** DIRECTIONS FOR THIS TASK **
Only the lines below from the one that holds "こまめに水分補給と休憩を取り、元気いっぱい運動に取り組みました。" through the one that holds "नीचे दी गई तालिका" should appear in the answer, copied exactly, end lines included and pictures omitted.

** PROVIDED INFORMATION **
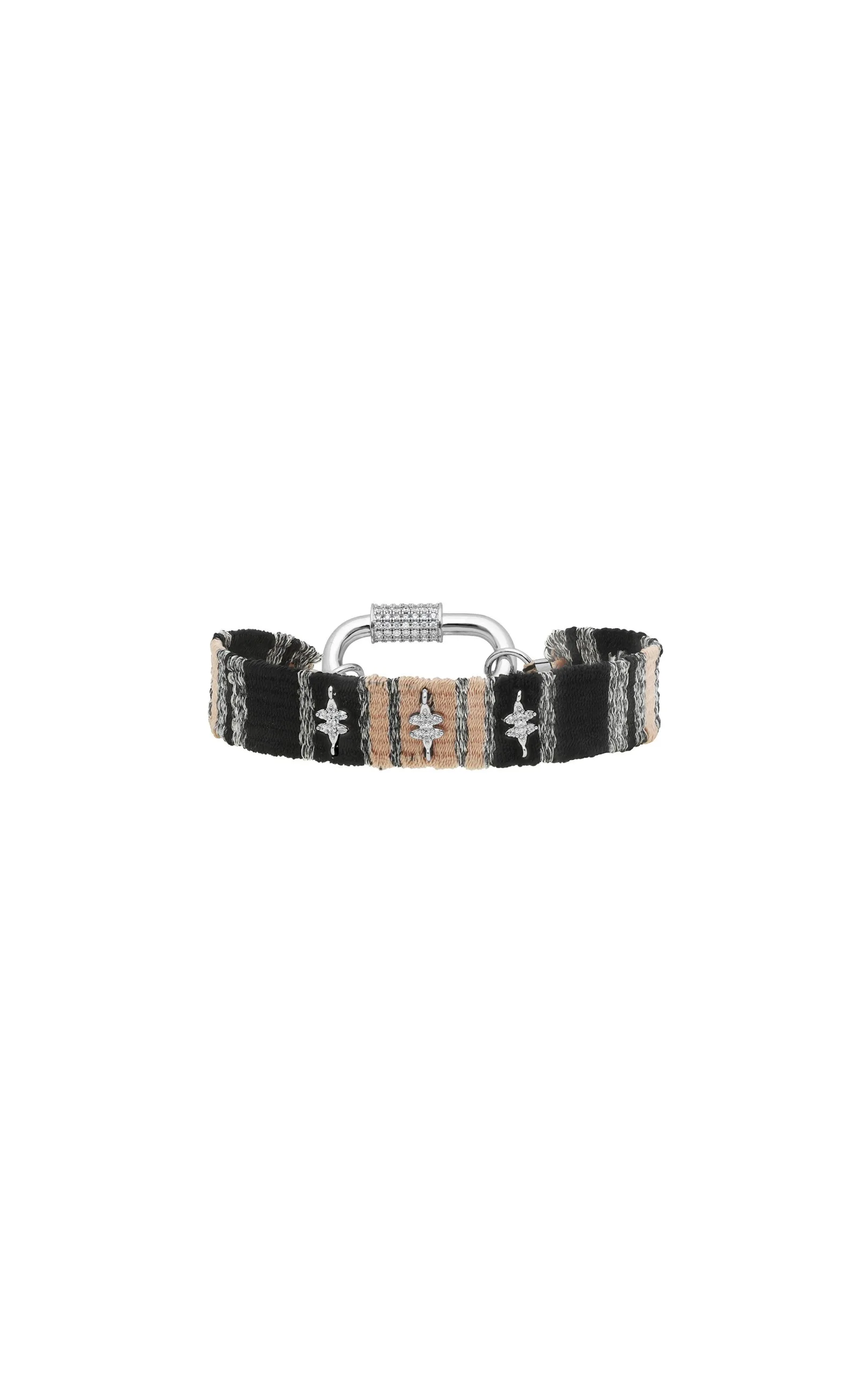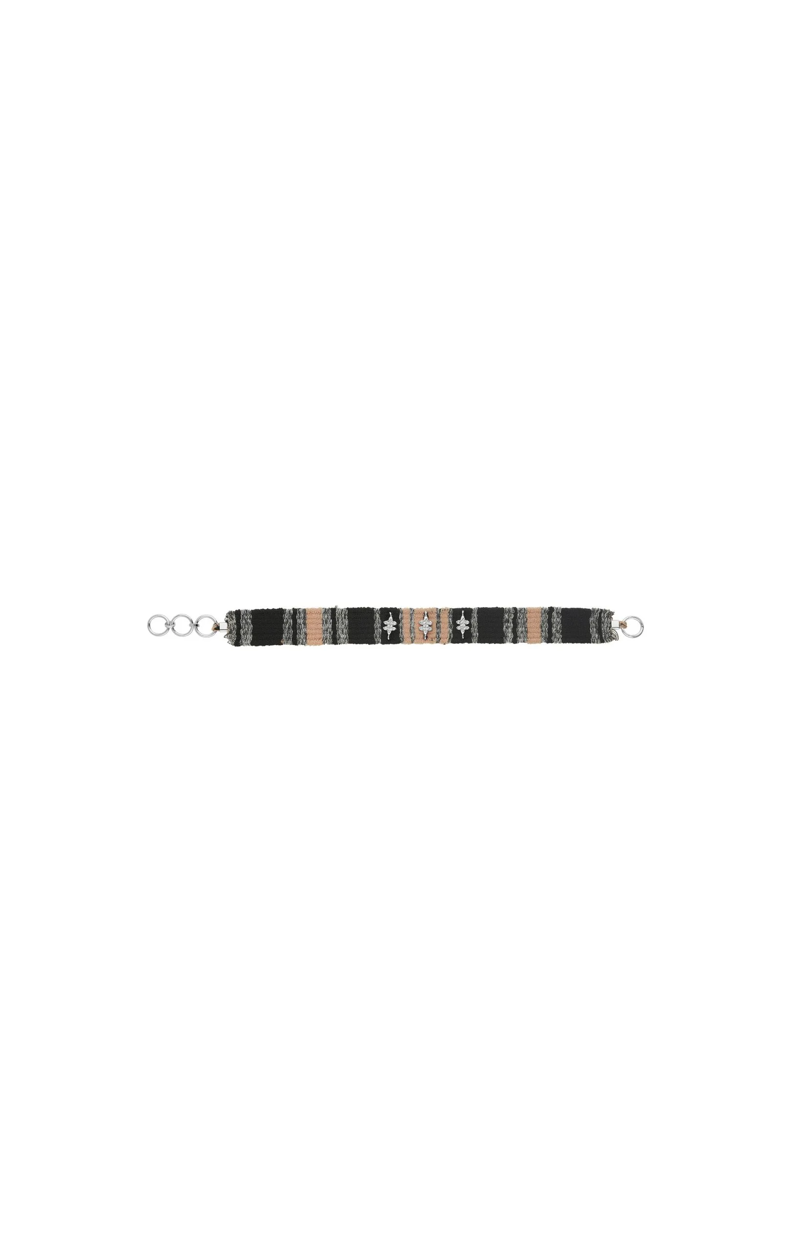 Lien entièrement tissé à la main de fil très fin de couleur noir, rose nude et argenté. Décoré de trois pampilles argentées en son centre, pavées de strass effet diamant. À associer avec les fermoirs « LOCKETS ».
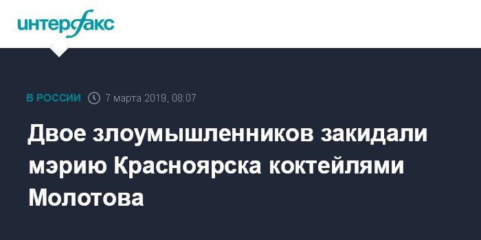 Двое злоумышленников закидали мэрию Красноярска коктейлями Молотова
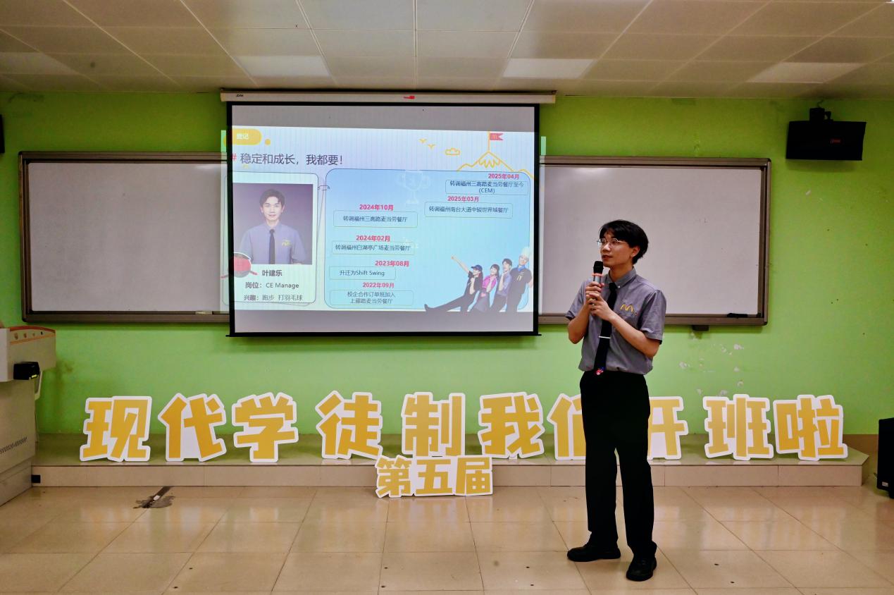 從第二屆訂單班成長(zhǎng)起來(lái)的葉建樂學(xué)長(zhǎng),如今已成長(zhǎng)為一名顧客體驗(yàn)經(jīng)理,獨(dú)立負(fù)責(zé)一家餐廳的所有業(yè)務(wù)。他熱情分享道:“在訂單班的學(xué)習(xí)與實(shí)踐,讓我快速掌握了市場(chǎng)營(yíng)銷與餐廳運(yùn)營(yíng)的核心技能。只要大家保持學(xué)習(xí)熱情,勇于挑戰(zhàn)自我,都能在麥當(dāng)勞收獲屬于自己的精彩!”
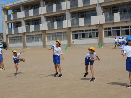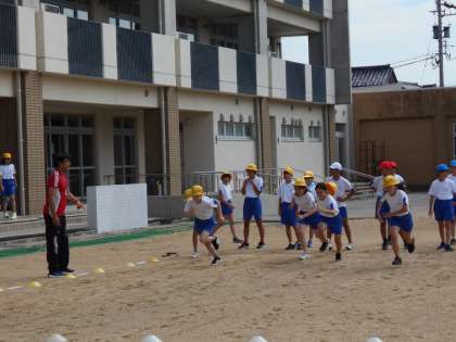 こまめに水分補給と休憩を取り、元気いっぱい運動に取り組みました。
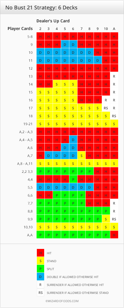 नीचे दी गई तालिका छह-डेक गेम के आधार पर किसी भी हाथ को खेलने का तरीका दिखाती है। खिलाड़ी का हाथ बाएँ कॉलम में है और डीलर का अप कार्ड सबसे ऊपरी पंक्ति में है।
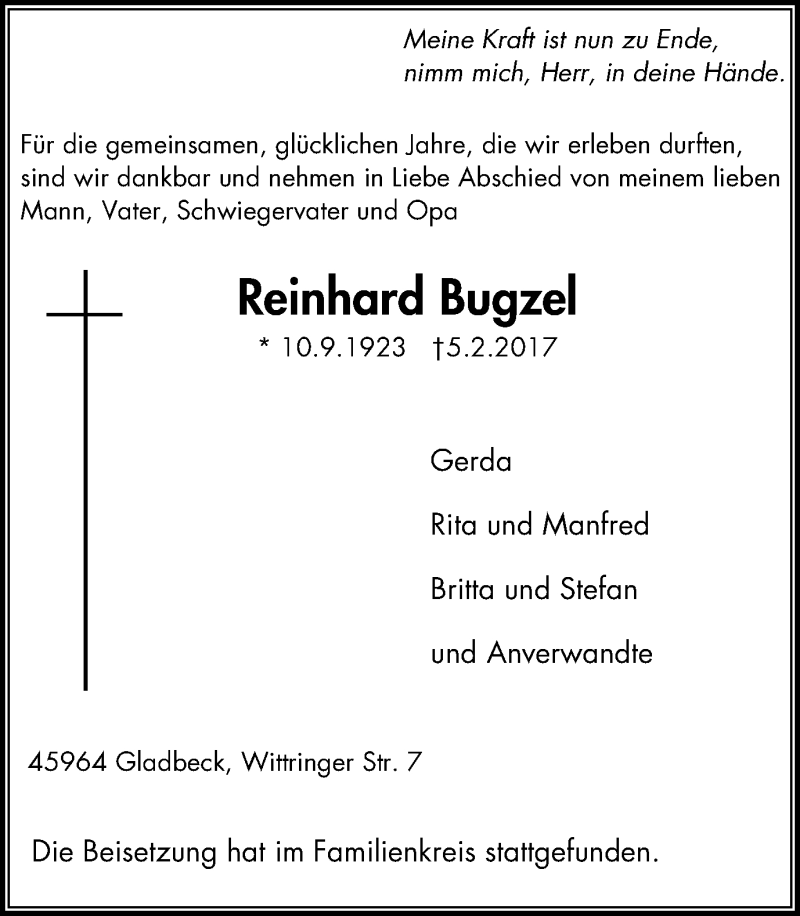 Hier finden Sie alle Traueranzeigen aus der Zeitung, die bisher für Reinhard Bugzel erschienen sind. Weitere Traueranzeigen, die in der Zeitung erscheinen, werden hier ebenfalls aufgelistet
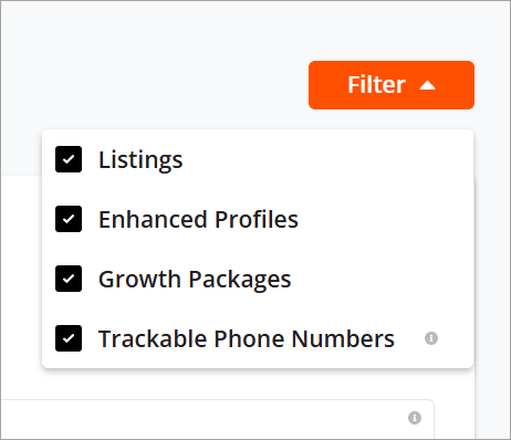 In addition, you can also filter by the type of exposure for your business, between your listings, Enhanced Profiles, Trackable Phone Numbers, and ads from your Growth Packages.
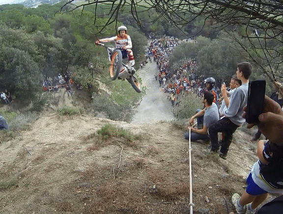 On retrouve le pilote Adam Raga dans 4 passages de zones lors du trial de Baiona comptant pour le Championnat...
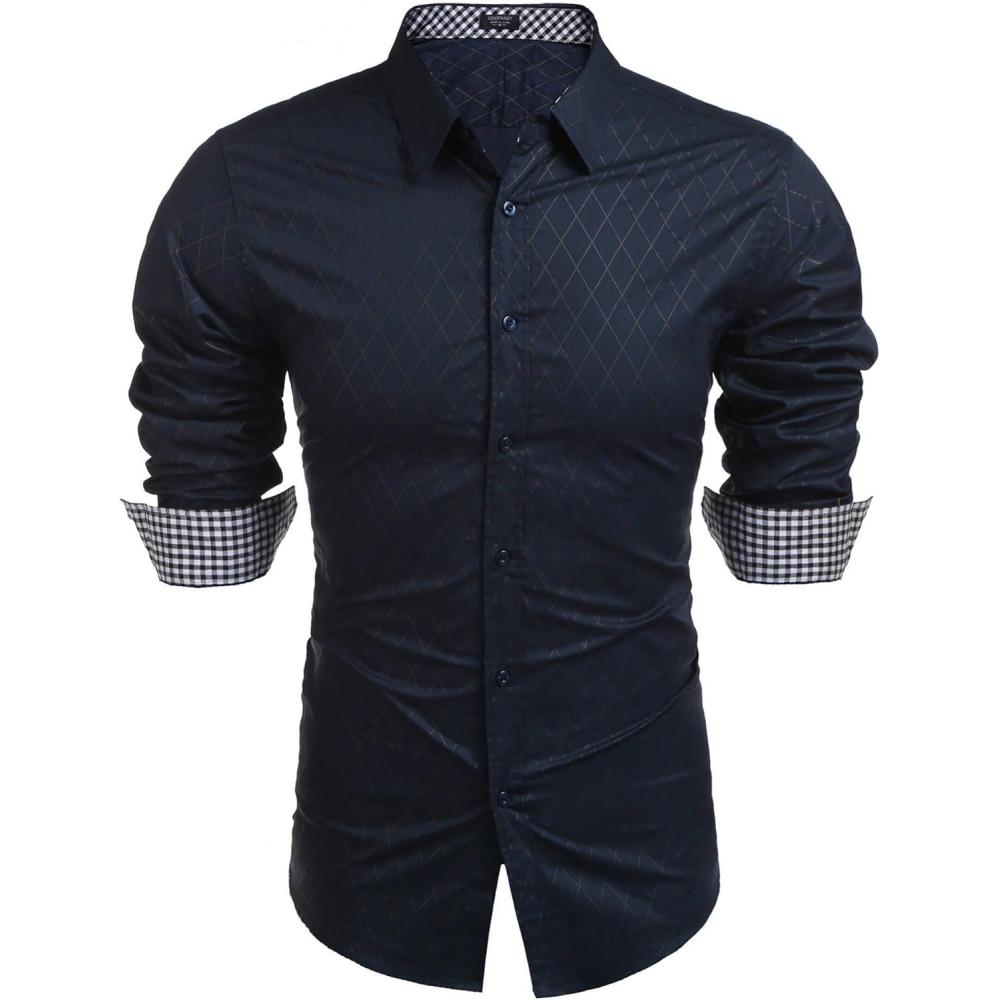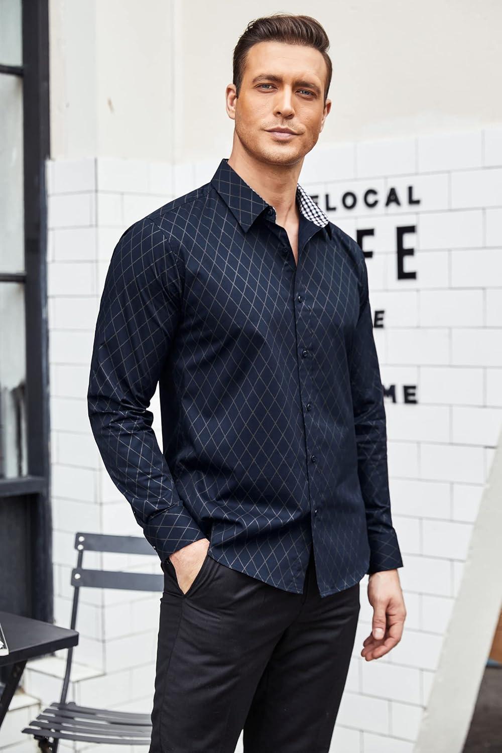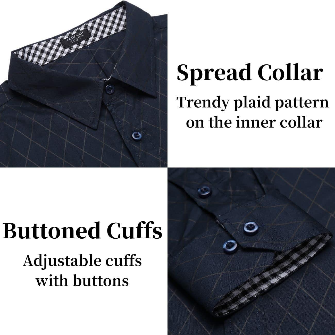 COOFANDY Men's Business Dress Shirt Long Sleeve Slim Fit Casual Button Down Shirt(Dark Blue)

** OUTPUT BELOW **
 こまめに水分補給と休憩を取り、元気いっぱい運動に取り組みました。
 नीचे दी गई तालिका छह-डेक गेम के आधार पर किसी भी हाथ को खेलने का तरीका दिखाती है। खिलाड़ी का हाथ बाएँ कॉलम में है और डीलर का अप कार्ड सबसे ऊपरी पंक्ति में है।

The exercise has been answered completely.